Search code examples
pythonpython-3.xpandaslinear-regressionstatsmodels

How to Create Variables from OLS Regression Results?


import numpy as np
import pandas as pd
from scipy import stats
import statsmodels.api as sm 
import matplotlib.pyplot as plt

d = {'City': ['Tokyo','Tokyo','Lisbon','Tokyo','Madrid','Lisbon','Madrid','London','Tokyo','London','Tokyo'], 
     'Card': ['Visa','Visa','Visa','Master Card','Bitcoin','Master Card','Bitcoin','Visa','Master Card','Visa','Bitcoin'],
     'Client Number':[1,2,3,4,5,6,7,8,9,10,11],
     }

d = pd.DataFrame(data=d).set_index('Client Number')

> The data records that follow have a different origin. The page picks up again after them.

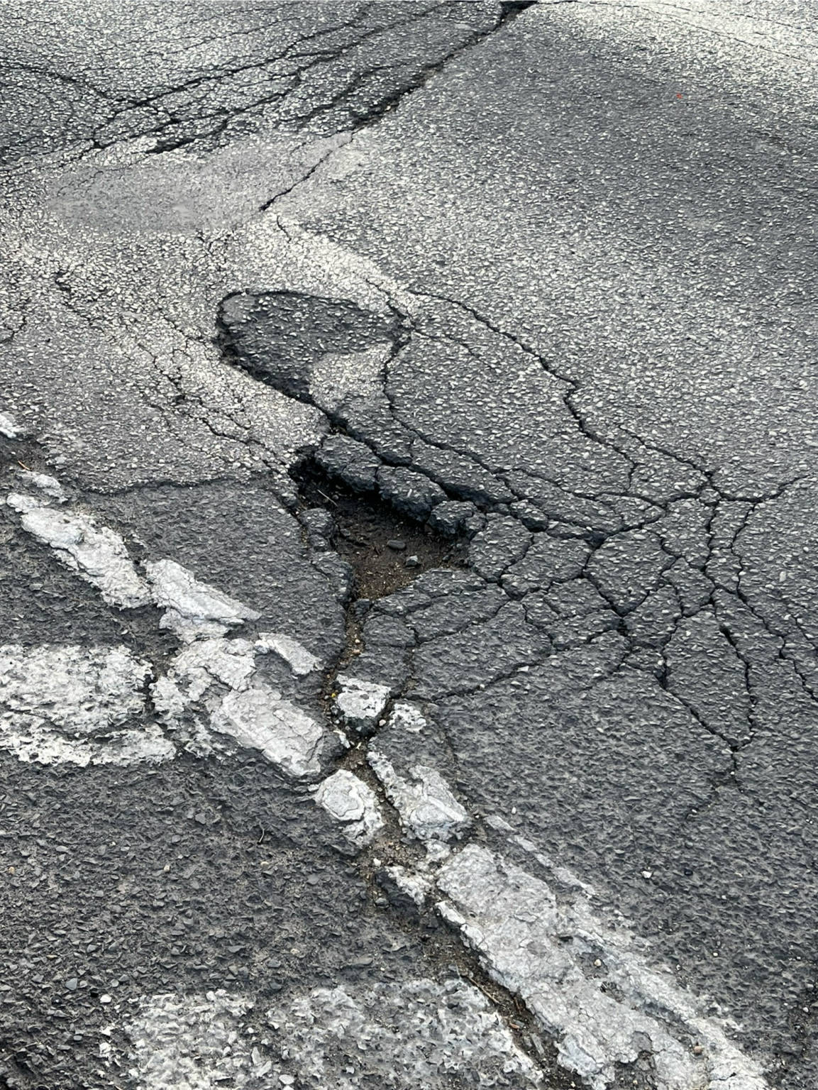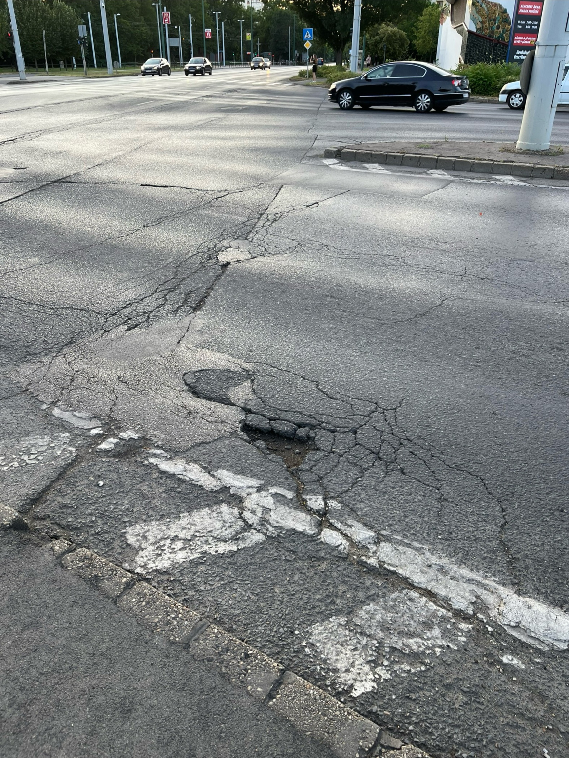 A Makkosházi körút - Csongrádi sugárút találkozásánál a körút déli oldalán a külső sáv külső keréknyomán egy kátyú kezdett el növekedni. A nagy forgalom miatt gyorsan növekszik.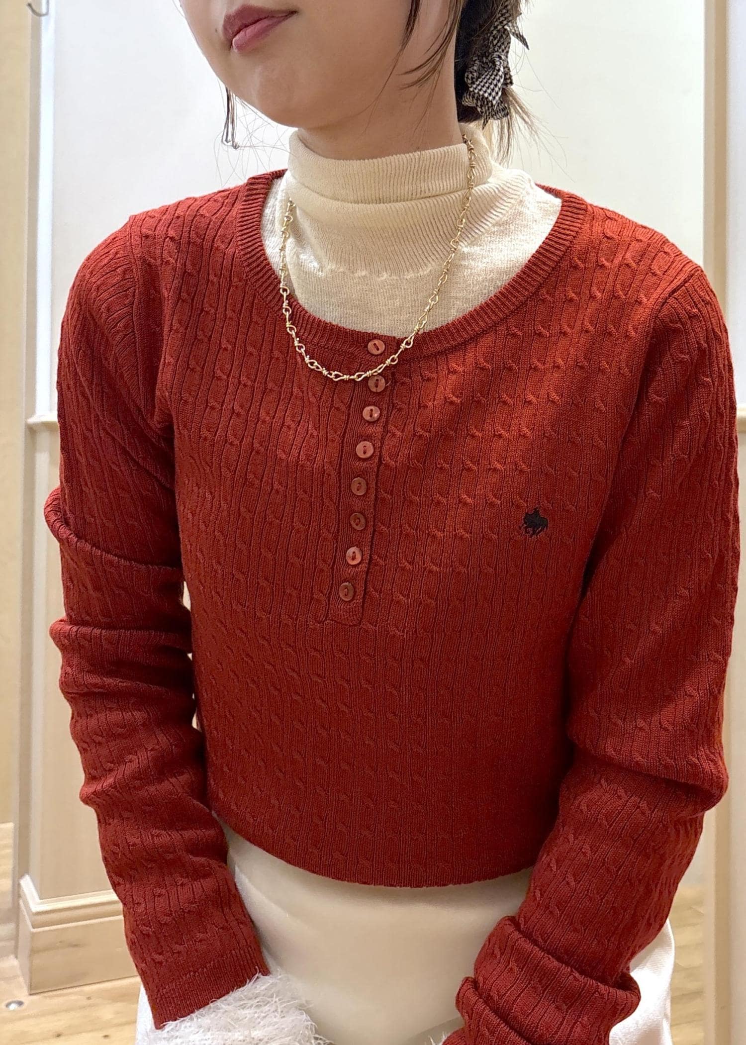 VIS【POLO BCS】VIS別注ヘンリーネックミニケーブルニットトップスレッド系 / F¥6,600レビューほどよく体に沿ってくれるデザインが綺麗なトップスです。インナー使いもできますし、内側にレイヤードで何か着ても着膨れの感じはありませんでした!薄手ニットなので、使い勝手がとても良かったです!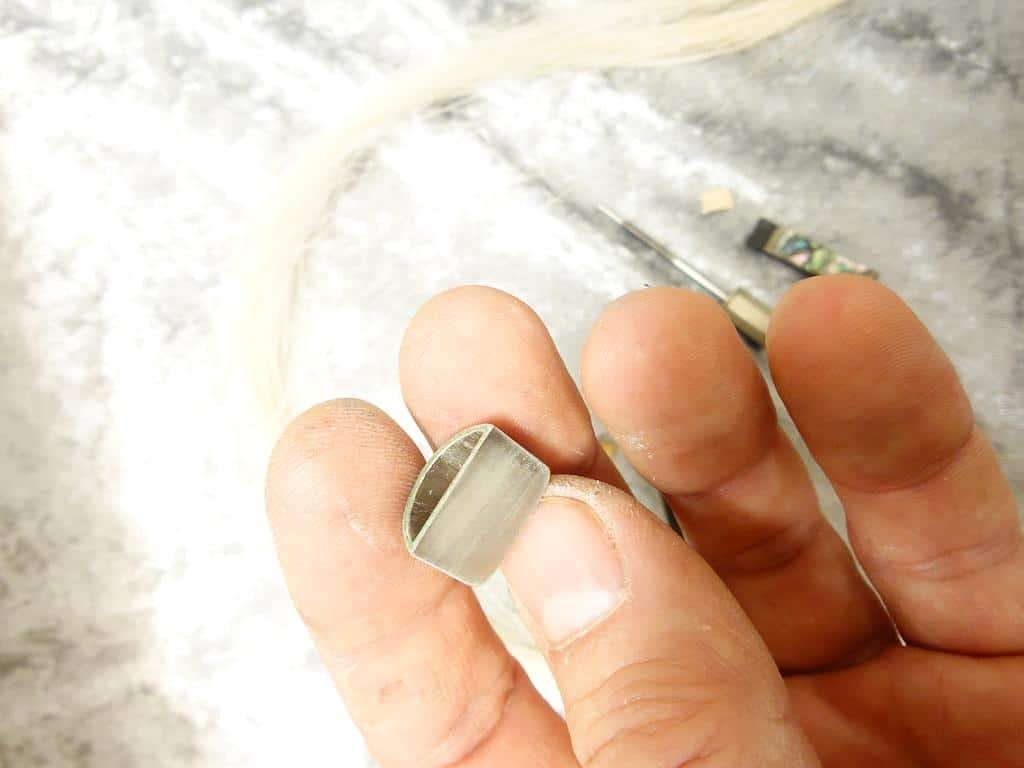 For a perfect bond, the metal pin must fit tightly inside the bow stick without any free space.

df = pd.get_dummies(d,prefix='', prefix_sep='')


X = df[['Lisbon','London','Madrid','New York','Tokyo','Bitcoin','Master Card','Visa','No','Yes']]
Y = df['Total']

X1 = sm.add_constant(X)
reg = sm.OLS(Y, X1).fit()

reg.summary()

enter image description here

I want to import the coef of each variable in order to apply the model to new data. How do I do that ?


Solution

  • reg.params contains the parameter estimates. Other quantities presented in the summary are available in reg.bse (standard errors), reg.tvalues (t-statistics) and reg.pvalues (P-values).

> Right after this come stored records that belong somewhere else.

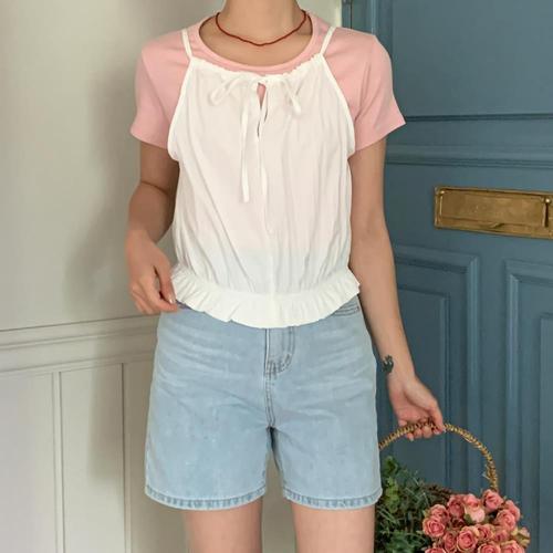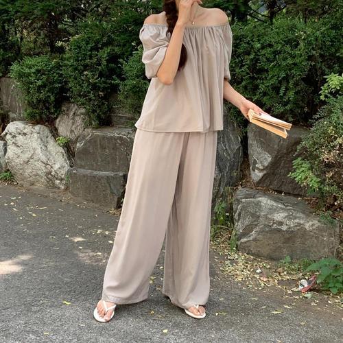 [옷자락]여자 라운드넥 루즈 밴딩 반팔 블라우스 팬츠 세트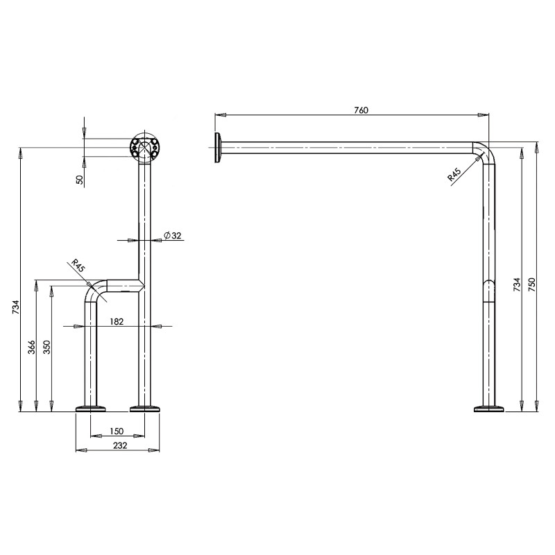 Поручень для осіб з інвалідністю (кутовий правий) встановлюється праворуч від раковини або унітаза. Відмінне рішення, що допомагає людям з порушеннями опорно-рухового апарату обходитись без сторонньої допомоги і забезпечує необхідну підтримку при ходьбі, стоянні і сидінні. Виготовлений в антивандальному виконанні. Матеріал - нержавіюча сталь AISI 304 із сатинованим оздобленням.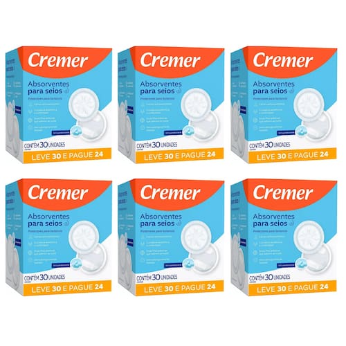 Kit com 06 caixas de absorvente para seios Cremer c/30

    The full set of available properties can be seen in the documentation:

    https://www.statsmodels.org/devel/generated/statsmodels.regression.linear_model.RegressionResults.html

    If you want to apply the same parameters to a different dataset, the simplest method is to construct a new OLS model with the new data, e.g.,

    mod = OLS(y_new, x_new)
    

    and then use the predict method,

    mod.predict(reg.params)
    

    where res.params are from your original fit. Note that is must be the case that x_new has the same variables in the same location as in the original regression.